I expect bias when reading articles from certain sources. In my attempt not to succumb to withdrawing into my own comfortable, information cocoon and read only news that I know will support my existing positions I continue to read articles from sources with known points of view including the Wall Street Journal. But in reading an article published on December 15th titled “Regulation for Dummies” I have to do something I’ve rarely done before and quote Ronald Regan who, in a 1980 debate with Jimmy Carter, famously said “There you go again” in response to a Carter statement on Medicare.
In the case of this article I say “there you go again” for trying to use partial data to support an already established point of view. I was drawn to the article because I was trying to evaluate the validity of the premise that government regulations are hindering an economic recovery by restricting business growth.
The first indication that the article wouldn’t help me refine my position was that it quoted information from the Mercatus Center. In a previous post,” Index of Personal Freedom – when good statistics go bad”, I noted the intentional bias and abuse of data by the Koch brothers funded center. Citing the Mercatus Center as a source immediately raised my index of suspicion regarding the credibility of the article.
The authors also presented a graph showing the rise of regulations in the Obama term but it seemed odd that the data began in 1995. The data source was the “Unified Agenda” and currently it contains reports only back to 1995.

However, the same website, The Office of Information and Regulatory Affairs, has a different set of reports beginning in 1981 that also looks at economically significant regulations.
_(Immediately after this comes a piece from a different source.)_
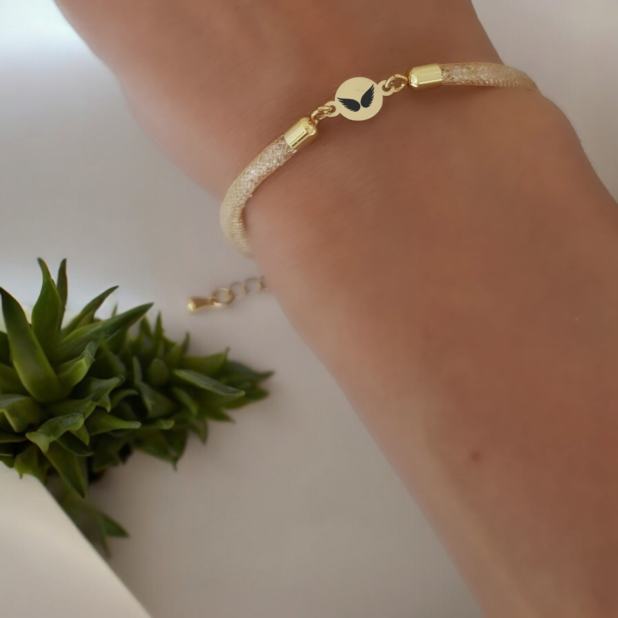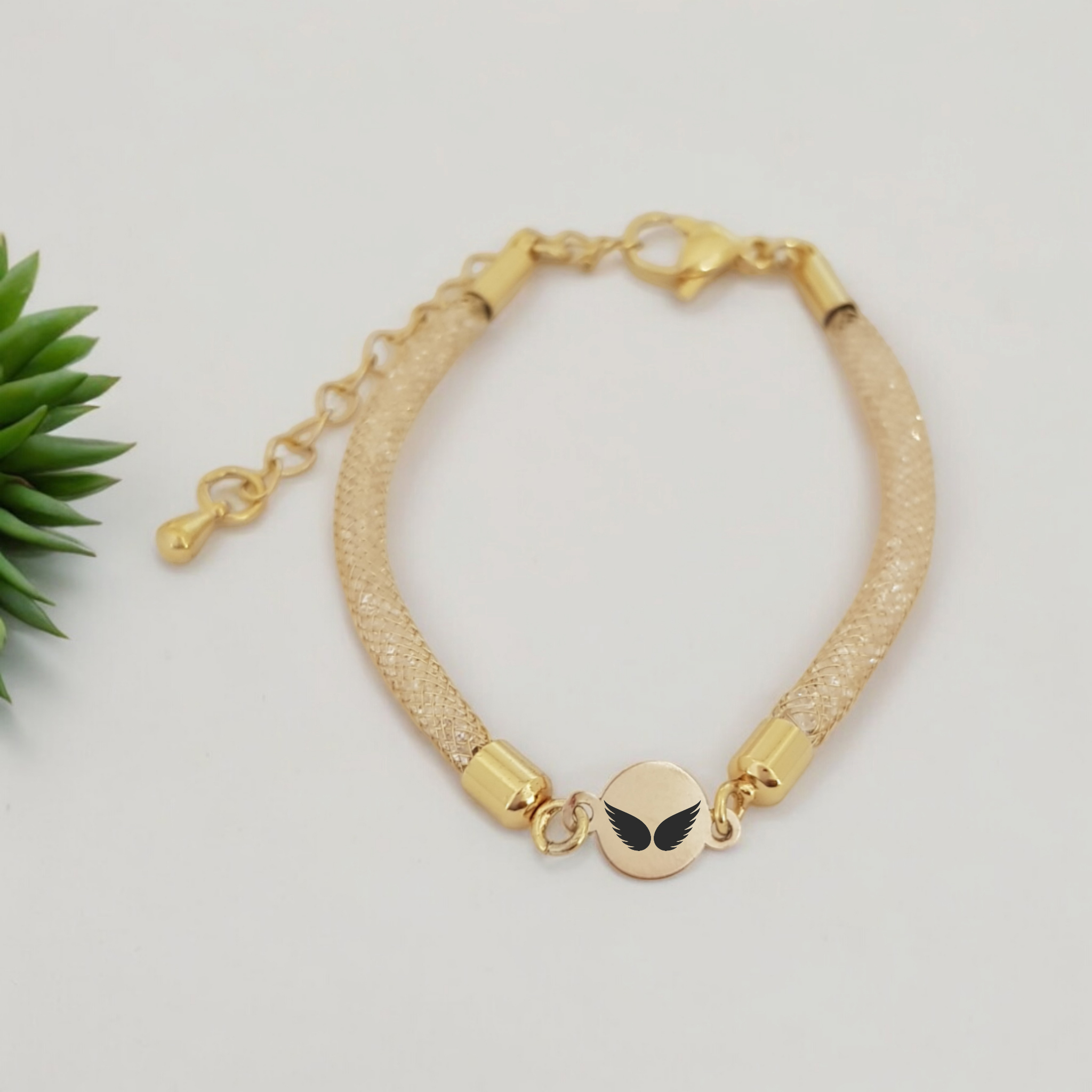 -Bileklik Birleşim Materyali: 14 Ayar Altın Plaka — Paslanmaz çelik bağlantılar.

These reports provide historical context to the regulation story that is critical to interpreting the limited data set presented in the Wall Street Journal article and clearly shows there was greater regulatory activity from 1991 to 1994 that in the Obama years. During that period of “high government regulation” there was also healthy growth in GDP as the country emerged from the 1990 recession.

Does that mean that a higher number of economically significant regulations caused the GDP growth? The fundamental difference between the Wall Street Journal article and my perspective is that I can say I don’t know. In fact, there isn’t enough information for anyone to know. The correlation between GDP growth and the number of regulations is -0.47 indicating that there is not even a meaningful correlation between the two.
Although the Wall Street Journal article has many flaws perhaps the greatest is that it attempts to portray correlation as causation – a cardinal sin of statistical inference. To attempt to assign causality to current regulatory activity for the sluggish economic growth is fundamentally flawed.
Data should be used to understand a problem and to help find a solution. Unfortunately articles such as this one transparently use incomplete data to support their preconceived opinion.
I read this article hoping to learn something about the impact of regulations on business growth. Instead, I learned that even once venerable conservative media sources have lowered their standards in order to advance their position. What a shame.
Even more of a shame is the large number of readers who be willing accept the overtly biased article as evidence that reinforces their opinion that government regulations are destructive.